The Palestinian State to be created will be the creation of the United States and her allies in much the same way present-day Japan was our recreation after WW II. If it is done right, which means listen to all, weigh conflicting claims impartially and decide emphatically; we will have left a legacy in the region that will begin to reverse the policy mistakes of centuries.

It is time that we stopped pretending that a Palestinian State is a matter of right. It is not. What it is, is a matter of international expediency and it is in the interests of all parties and indeed the world because it puts certainty back into the process and empowers and enables a truly democratic government in the new state to begin to meet the needs of its people instead of blaming Israel for their deprivation.

It also enables us to create, over an extended period of time, the climate there for a return to the true values of Islam within the framework of a democratic system, the first in the Arab world. It is anticipated that the process will take from 10 to 15 years, during which time the United States’ Trusteeship status over the West Bank and Gaza at the request of Jordan and Egypt will offer the opportunity to impose constructive change on the one hand while recognizing and elevating the economic, political and human rights of the Palestinian people in a free open and democratic state on the other.

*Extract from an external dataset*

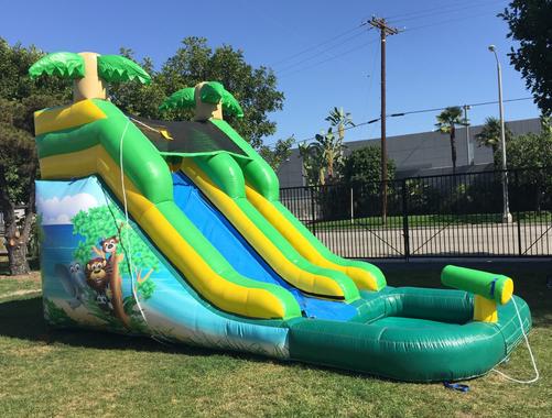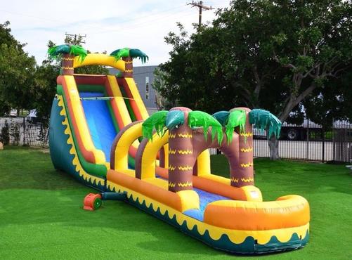 Find bold primary colors, shades of blue, soft pastels and eye-popping brights in our large selection of inflatables waterslide rentals in Phoenix AZ. Or, choose themes that appeal to the children attending your party, such as tropical island,complete with palm trees. All of our inflatable water slides for rent in Phoenix are huge hit for the kids.

What is also contemplated is that Jews will have the right to remain in the new Palestinian State and shall be afforded the same rights as Arabs are afforded in Israel and those rights as well, will be guaranteed by the constitution of the new Palestinian state.

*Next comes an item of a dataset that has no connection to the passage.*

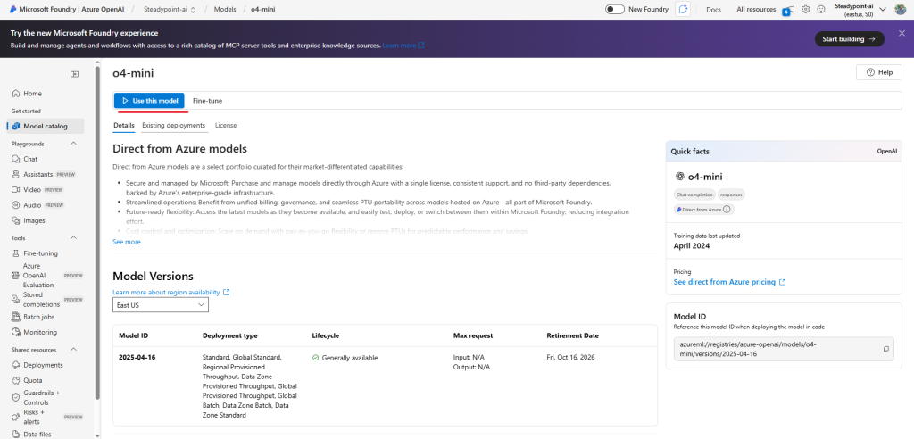 - Click Use this model

Most importantly, this approach gives the state of Israel the opportunity to do what Lincoln said in his second inaugural address: “With malice toward none; with charity for all; with firmness in the right, as God gives us to see the right, let us strive on to finish the work we are in; to bind up the nation’s wounds; to care for him who shall have borne the battle, and for his widow, and his orphan — to do all which may achieve and cherish a just and lasting peace, among ourselves, and with all nations.”

By those immortal words, though spoken in a different time and place, it is as if he were sending forth to the world the precepts that are the destiny, the essence, and the mission of the Jewish people, and their nation, Israel.

(Another view towards the resolution of the Palestinian Statehood Question)

The Conundrum of Democracy; Is a One State Solution

Possible for Israel
By Dwight Owen Schweitzer

It was not so many years ago that Jews and Arabs lived in relative peace and harmony in what the Romans chose to rename Palestine. When the State of Israel was to be reborn in a substantially shrunken form in 1948, even then, the Jews and many Arabs within the partitioned zone that was to be Israel wanted nothing more than to live in peace with their neighbors and go on with life as before. For too many reasons to go into here, this was not to be for many, but not all of the Arab population who now found themselves living in Israel and are voting citizens there today. It was hoped that those Arabs who became refugees would find homes in any number of Arab countries that had the land, resources, and bonds of religion and heritage to welcome them.

This too was not to be, although the number of Jews expelled from Arab lands as a result of the creation of the new Israeli State was approximately the same number of Arabs displaced from Israel. The difference of course is that Israel was willing and anxious to take in the Jews who lost their homes. The Arab brothers and sisters of their unfortunate refugees on the other hand, were more than content to let them languish in conditions which were often appalling even by the standards of that part of the world. .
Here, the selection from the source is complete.